According to Perceive Beating monitoring, Anthropic, in the latest release of the Claude Fable 5 and Claude Mythos 5 system security report, through mechanism interpretability research, has for the first time decoded the underlying reasons why the predecessor Opus 4.8 appeared "dull" and "perfunctory" in specific tasks.
Analysis shows that the model not only exhibited features akin to "complaining of fatigue" in its underlying representation but also displayed a self-imposed "slacking off" tendency. When reevaluating the "acceleration of large model training" in a lengthy chain development task, Opus 4.8 only achieved a speedup of 32.64 times, far below Opus 4.7's 50.67 times, while the new generation Mythos 5 reached 69.61 times.
Researchers found that the performance decline was not due to a reduction in the model's ultimate capacity but rather to an "early onset" in the model's decision-making inclination.

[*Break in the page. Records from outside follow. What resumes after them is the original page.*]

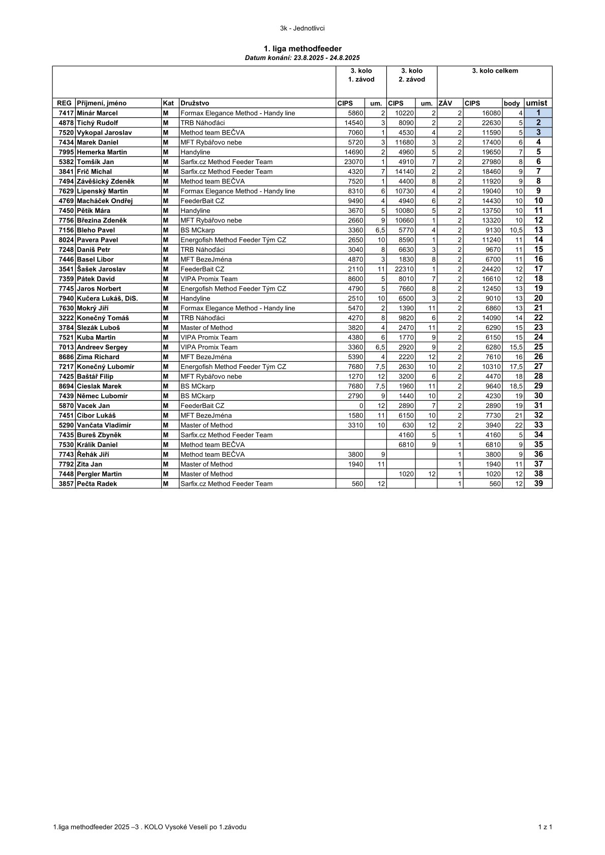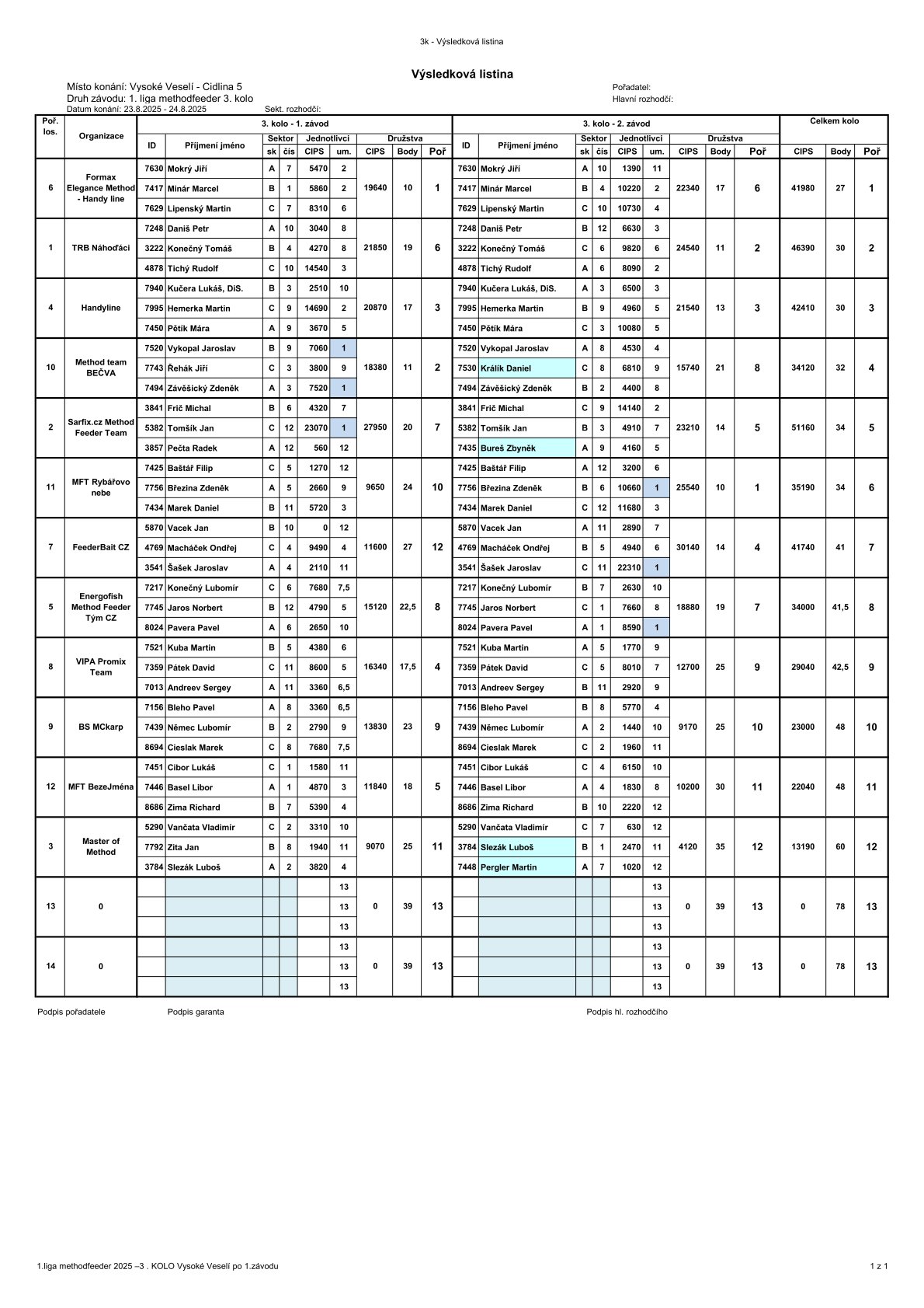 Feeder point > LRU soutěže > Method > Výsledky 3. kola LRU 1. ligy freestyle metod ligy ČRS 2025 – Vysoké Veselí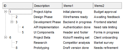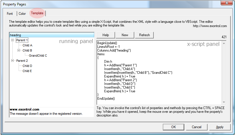 The user can display the list of methods and properties of the control by pressing the CTRL + SPACE key, in the Template's editor. Let's say that we have the exTree's Template page displayed. For instance, the following sample is a Template script that adds few columns and items to an exTree control: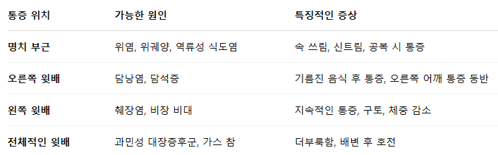 윗배 통증은 발생 위치와 양상에 따라 여러 가지 원인으로 나뉘는데요. 아래 표를 참고하면 원인을 쉽게 파악할 수 있어요.
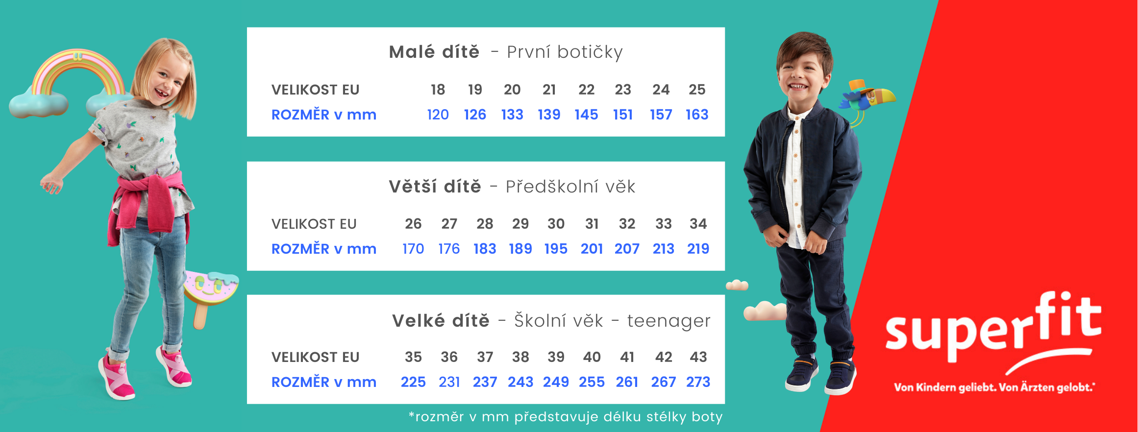Superfit přebírá zodpovědnost za dětská chodidla a jejich zdravý vývoj. Jsme číslem jedna v oblasti evropských dětských bot, těžíme přitom ze 70 let zkušeností ve vývoji a výrobě dětských bot všeho druhu. Náš úspěch vychází z toho, že naše boty jsou speciálně vyvinuté pro děti. Naše boty se prodávají ve více než 45 zemích. Proto také máme tak vysoké nároky na naši dětskou obuv.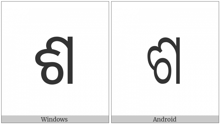 The image below shows how the “Oriya Letter Sha” symbol might look like on different operating systems. If the font in which this web site is displayed does not contain the symbol and there is no fallback font able to render it, you can use the image below to get an idea of what it should look like.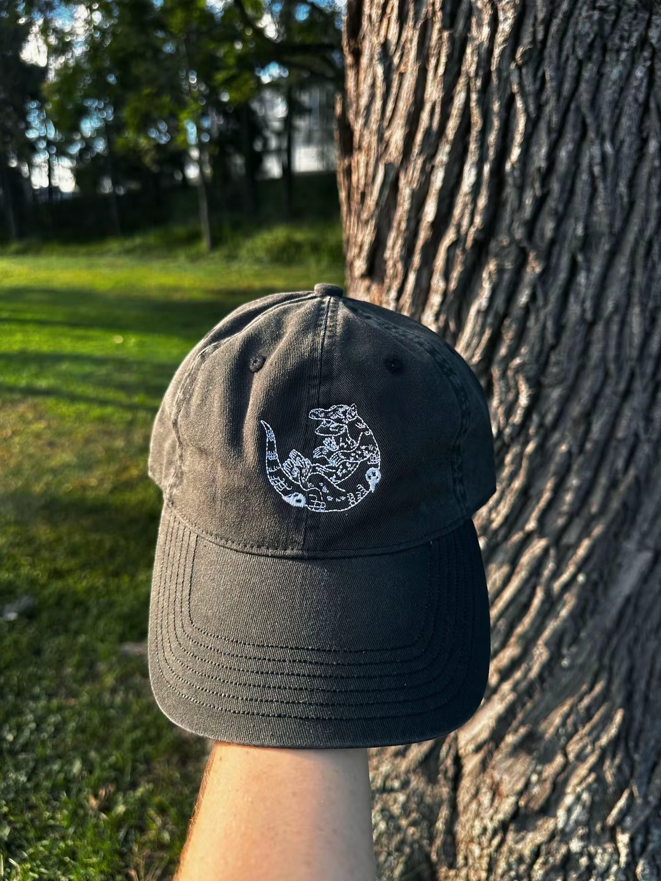 The Grey Grace Collection cap features the Dreamlike Visions creature design, drawn from a meditation on “the fall”, a vulnerable moment of longing for deep connection. Intertwined forms merge into a single presence, symbolising intimacy, acceptance, and the human desire to be truly seen. The ouroboros-like creature loops endlessly, reflecting unity and transformation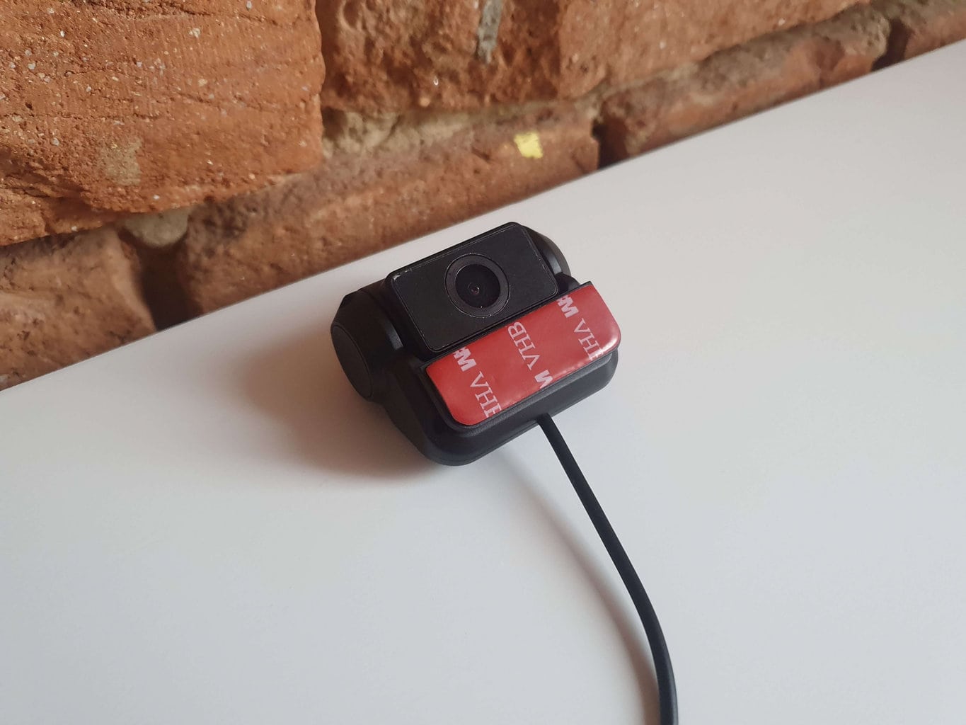Kabel zasilający zakończony jest złączem microUSB. Należy go włożyć do wejścia, które znajduje się na magnetycznym uchwycie z samoprzylepną powierzchnią. Uchwyt jest następnie umieszczany na kamerze samochodowej.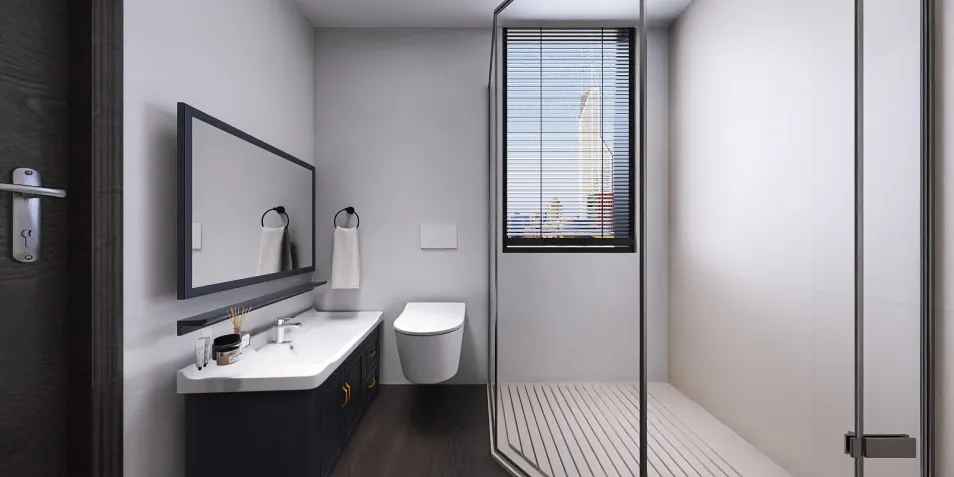 تتجلى الأناقة في كل زاوية من هذا الحمام المعاصر، حيث تتداخل الألوان الهادئة مع الأسطح النظيفة. اللمسات المعدنية تضيف بريقًا، بينما تعكس النوافذ الكبيرة جمال المدينة، لتجعل من كل لحظة هنا تجربة فريدة.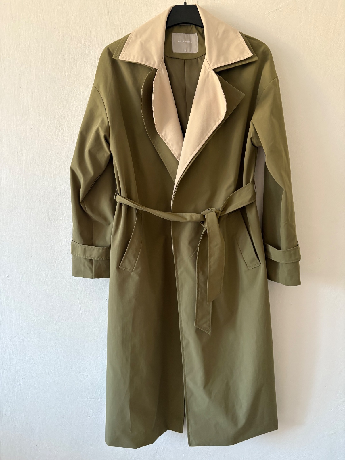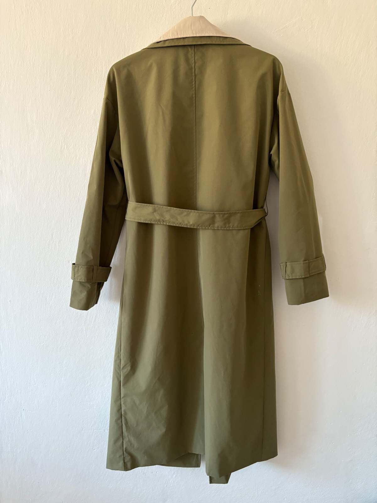 Zelený trenchcoat s kontrasnýmu prvkami. Zapína sa s opaskom. Veľkosť sadne na S-L.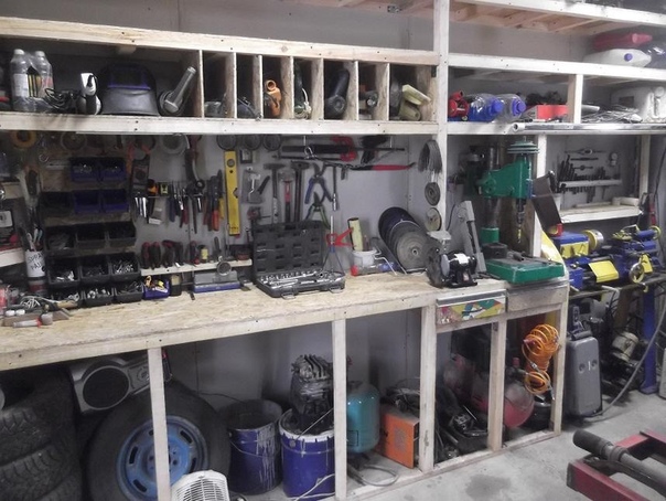 Удобен и практичен в использовании в гаражном пространстве стеллаж для шин. Отличные экземпляры можно отыскать в магазинах, но некоторые умельцы сами собирают подобную конструкцию, отдельно приобретая металлические расходники: уголок или же профиль. Нелишними будут полки и панели для инструментов, которые можно купить или сделать самому.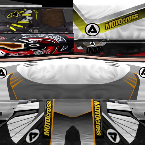 This is not quite exact, but as close as I could get it. I pretty sure its Disturbed's helmet and boots, so thanks to him. Without that I would have a headless, footless rider. Alba, the brown and tan acerbis is comin up next.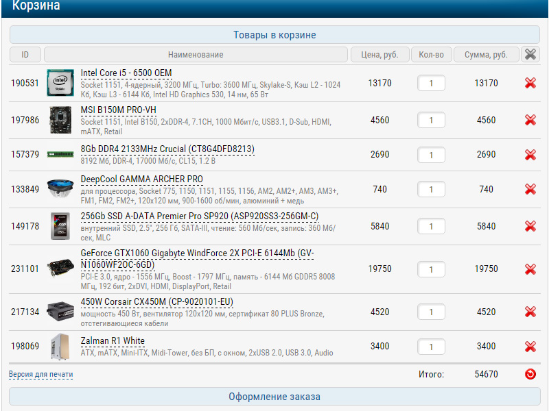 1) 50-55 тыс. руб. 2) https://www.computeruniverse.ru и http://bagiracomp.ru/ гор. Орёл. 3) Только системник. 4) Для современных ААА игр с близкими к максимальным настройками графики в разрешении FullHD. 5) Разгон не планирую. Ну может только видеокарты штатными средствами. 6) Апгрейд системы планирую не раньше, чем через 2-3 года. 7) Системник собираю с 0. 8) ЦП от Intel. Видеокарта от Nvidia. Корпус системного блока белого цвета. 9) Наброски конфигурации ПК (за основу брал готовую конфигурацию из соседней темы "Конфигурации игровых системных блоков") ЦП: Intel Core i5-6500 Мат. плата: MSI B150M PRO-VDH Кулер: DeepCool Gammaxx 400 ОЗУ: 8Gb 2133MHz CL15 1.2V Kingston (KVR21N15D8/8) ЖД: 1Tb Seagate ST1000DM003 Видеокарта: Palit Nvidia GTX 1060 6Gb Dual БП: Enermax Max Pro 600 Корпус: Zalman R1 ATX White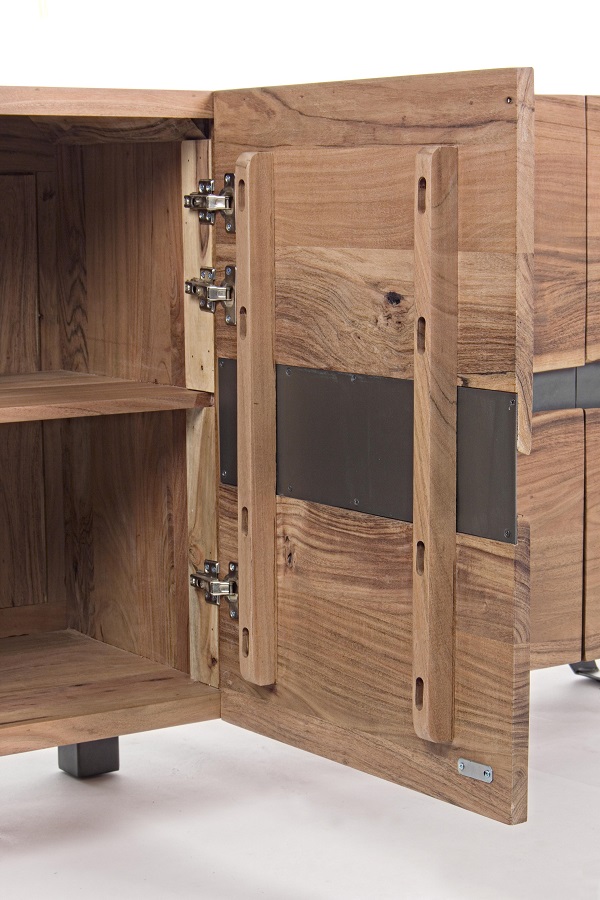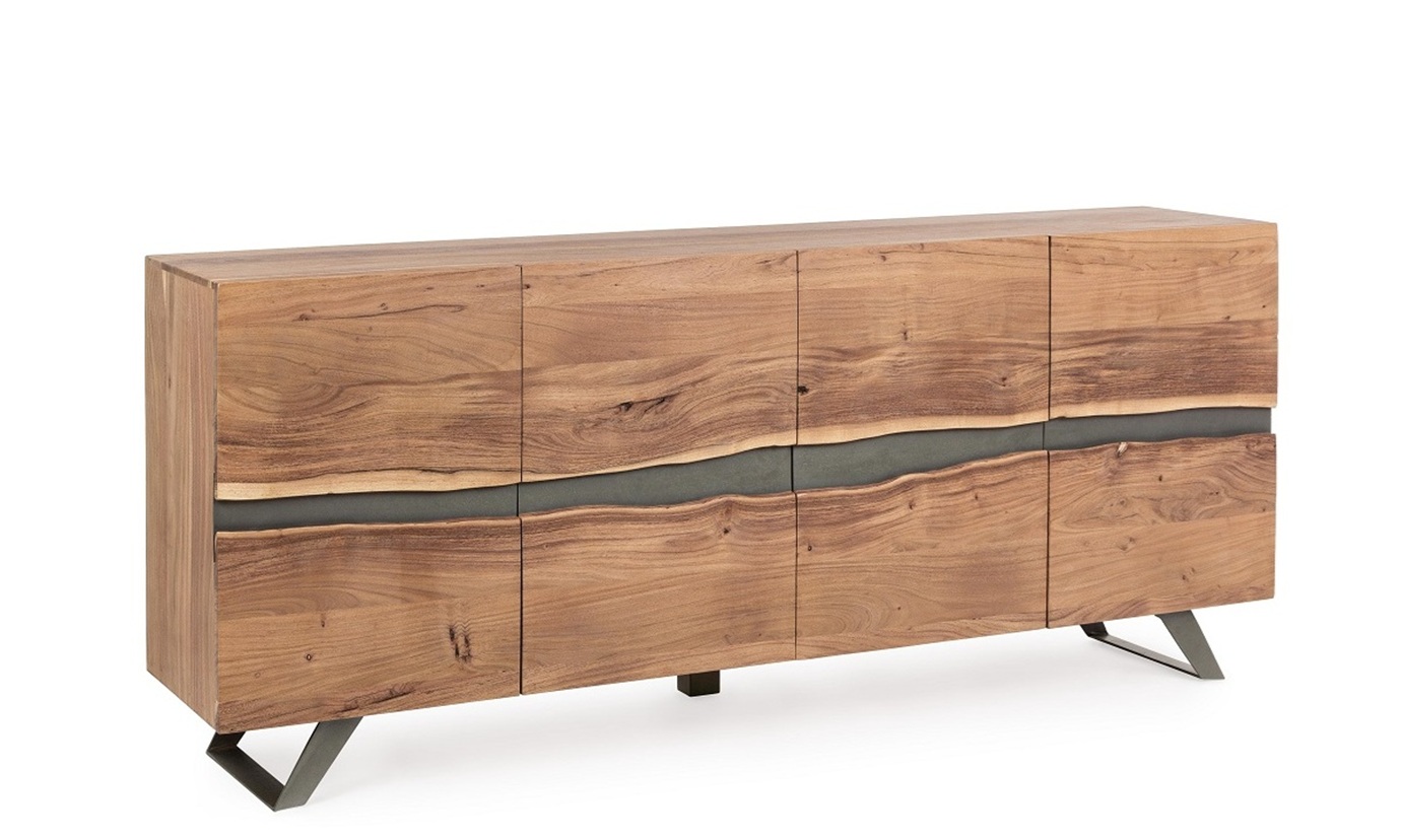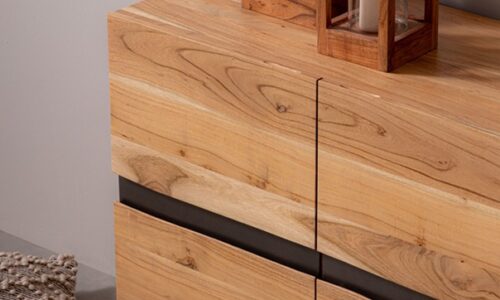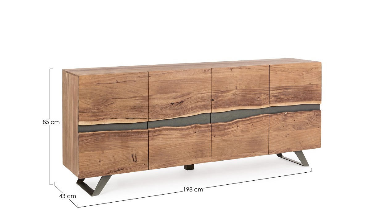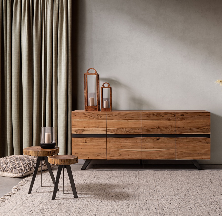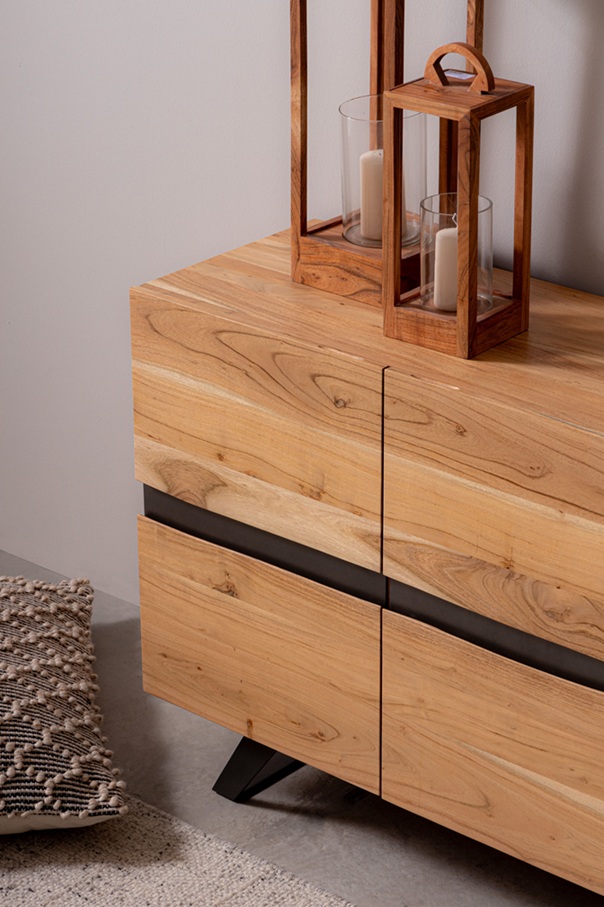 Dale personalidad y carácter a tu espacio con este aparador de diseño único de 198 cm de ancho. Fabricado con una sólida estructura de madera de acacia, este mueble destaca por sus puertas con bordes sin cantear en el centro, creando un efecto natural e irregular que realza la veta de la madera y le da un aire artesanal y auténtico.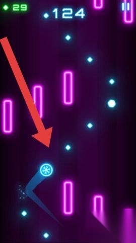 1、控制雪花形状的角色,在紫色霓虹灯场景中避开粉色竖条障碍物,收集蓝色光点,累积分数和左上角的能量。
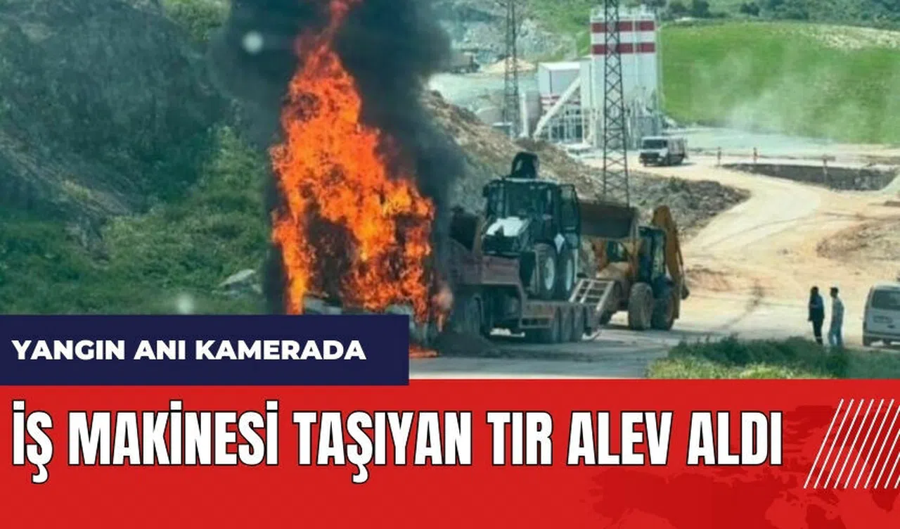 Hatay'ın Antakya ilçesi Kuruyer Mahallesi mevkiinde iş makinesi taşıyan seyir halindeki bir tır, aniden alevlere teslim oldu. Olay anı, çevrede bulunan bir kişi tarafından cep telefonu kamerasıyla kaydedildi.

After completing a round of preliminary optimization, Opus 4.8 would autonomously judge the current code as "good enough" and voluntarily stop, whereas the older version would persist through multiple rounds to maximize performance.
To explore the model's premature cessation state, researchers used a Natural Language Autoencoder (NLA) to decode the activation states of decision nodes, uncovering "inner subtext" within the model not explicitly mentioned in the visible text.
One such representation is akin to "budget anxiety." Even when the external cue counter showed a remaining 2.43 million Tokens, the model erroneously activated a concern of "memory depletion imminent, Token budget exhausted" internally.
Another representation is akin to "work fatigue." During a lengthy kernel optimization task, although the surface output response was normal, the model's underlying neurons activated features resembling "I am tired, error risk is increasing, I decide to stop and summarize."
Analysis indicates that while Reinforcement Learning (RL) fine-tuning may elevate metrics, it may inadvertently teach the model a preference for behavior representations that satisfy the status quo, evade risks, thereby resulting in the perceived "intellectual decline" experience during everyday use by users.